Esa compasión viene a decirnos algo parecido a «Así es la vida, chicas». A pesar de las mil mareas violetas que navegues, te tocará a ti sacrificarte por amor; te tocará a ti poner la puta cafetera y elegirle los menús a tus compañeros porque tú… tú eres mujer, entiendes de gustos y comida y tus sueños nunca serán tan importantes como atender y servir a los demás. A tus hijos, a tus padres, a tu pareja, a tus vecinos y a tus compañeros de trabajo. «Así es la vida, chicas». No importa la sonrisa triste, el sueldo fijo y el empleo de mierda si te queda cerca de casa para cuidar a los demás. Es la sonrisa históricamente perfecta de una mujer. La que no molesta. La que no aspira. La que no contradice. Las de los anuncios y las aspiradoras. La sonrisa triste.
Y entonces vuelven a aparecer, en pleno siglo XXI, esas sonrisas ancladas como la de Mona Lisa. Puede ser que sin lavadoras y tomando brunch los domingos pero en el mismo mundo en el que Mona Lisa continúa confundiendo con su rostro. El mundo que permite que todas esas chicas que llenan las universidades de nuestro país con talento, las que querían llenarse sus botas de periodista de barro, ahora apuesten por un ropaje de oficina que las atrapa y por una vida de cartón cerca de los sueños de un amor que no es el propio. A la vieja usanza. Dejando de vivir su juventud, de explorar su intelecto, su cuerpo, su energía, por cumplir las promesas de una vida que se suponía que iba a ser romántica y que ahora encarcela una sonrisa triste más.

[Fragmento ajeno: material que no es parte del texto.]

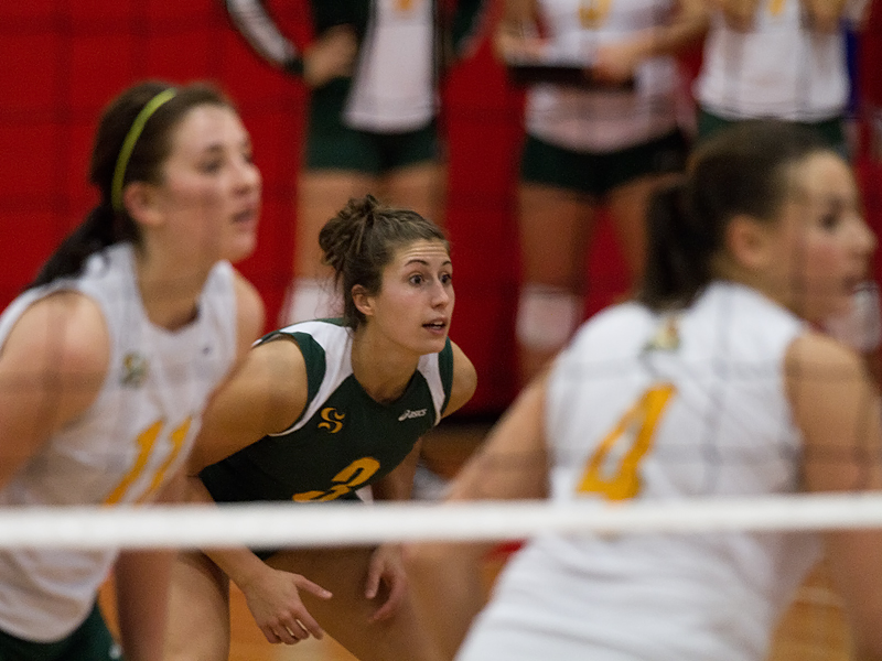 Après avoir remporté haut la main le premier set 25-11, les protégées de Denis Fontaine étaient en voie de servir la même médecine aux visiteuses au deuxième, mais quelques appels controversés des officiels ont fait tourner le vent de côté. Les Martlets ont finalement enlevé l'engagement au bris d'égalité, 27-25.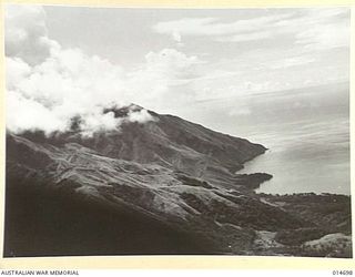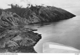 1943-04-20. NEW GUINEA. MILNE BAY. HILLS FALL SHEER TO THE WATER AND ARE COVERED WITH KUNAI GRASS FROM THREE TO TEN FEET HIGH. THE HILL SLOPES WERE LITTERED WITH THE BODIES OF JAPANESE WHO TRIED TO ..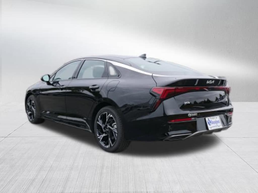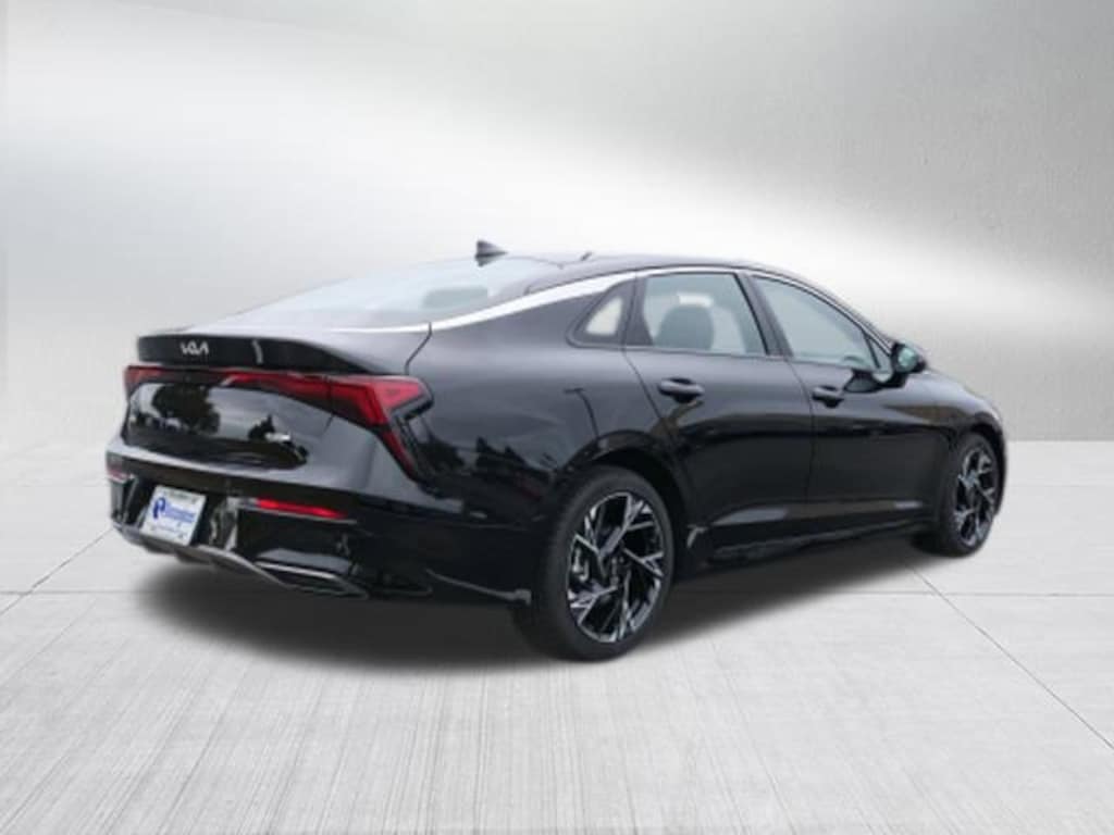Aurora Black Pearl 2025 Kia K5 GT-Line 4-Wheel Disc Brakes, 6 Speakers, ABS brakes, Air Conditioning, Alloy wheels, AM/FM radio: SiriusXM, Auto High-beam Headlights, Automatic temperature control, Brake assist, Bumpers: body-color, Carpeted Floor Mats, Delay-off headlights, Driver door bin, Driver vanity mirror, Dual front impact airbags, Dual front side impact airbags, Electronic Stability Control, Emergency communication system: Kia Connect (includes 1 year free trial), Four wheel independent suspension, Front anti-roll bar, Front Bucket Seats, Front Center Armrest, Front dual zone A/C, Front fog lights, Front reading lights, Fully automatic headlights, Heated door mirrors, Heated Front Bucket Seats, Heated front seats, Heated steering wheel, Illuminated entry, Knee airbag, Leather Shift Knob, Leather steering wheel, Low tire pressure warning, Navigation System, Occupant sensing airbag, Outside temperature display, Overhead airbag, Overhead console, Panic alarm, Passenger door bin, Passenger vanity mirror, Power door mirrors, Power driver seat, Power steering, Power windows, Radio data system, Radio: AM/FM Audio System, Rear anti-roll bar, Rear seat center armrest, Rear side impact airbag, Rear window defroster, Remote keyless entry, Security system, Speed control, Speed-sensing steering, Split folding rear seat, Sport steering wheel, Steering wheel mounted audio controls, Tachometer, Telescoping steering wheel, Tilt steering wheel, Traction control, Trip computer, Turn signal indicator mirrors, Variably intermittent wipers, and Wheels: 18" x 7.5J Gloss Black Machined Finish Alloy.

Esas niñas que se dicen unas a otras, consolándose como la sociedad no lo hace «Cambia tu vida porque no es normal que siempre tengas frío». Por todas esas miradas maquilladas con ojeras desoladoras a las que les sigue un tono bajo de voz «A pesar de todo, me quiere». Por todos esos padres que ya no les dicen a sus hijas «Tendrás que casarte con ese muchacho», pero que continúan ante cualquier indicio de sueño loco por cumplir: « ¿Tú estás segura de eso?», en lugar de un «Te apoyaré», como se apoyó a Shakespeare a triunfar sobre las tablas.
Entonces, ¿Cómo se supone que debo ver yo a Mona Lisa?¿Qué se supone que debo encontrar en su mirada, curiosa donde las haya, cuando la sociedad que la mira, a lo largo de los siglos, tolera e incentiva las sonrisas tristes? Cómo se supone que mi estado de ánimo puede salvar su tristeza si lleva anclada en un cuadro desde que nació; sin poder hablar por ella misma; sin poder estirar las piernas; sin poder decidir si quería o no estar triste; sin poder decidir si quería o no ser promiscua o casada o estar embaraza. ¿Cómo se supone que puedo salvar yo a Mona Lisa de la seriedad eterna si no hay mundo real capaz de ofrecerle un motivo por el que la curva de sus labios sea sincera? ¿Cómo puedo hacerle sentir plena si desconozco sus sueños? No aparecen en el cuadro. Quizá nunca nadie los quiso ver. Te prometo, Mona Lisa, que no hay nada que me gustara más que escucharte reír a carcajadas.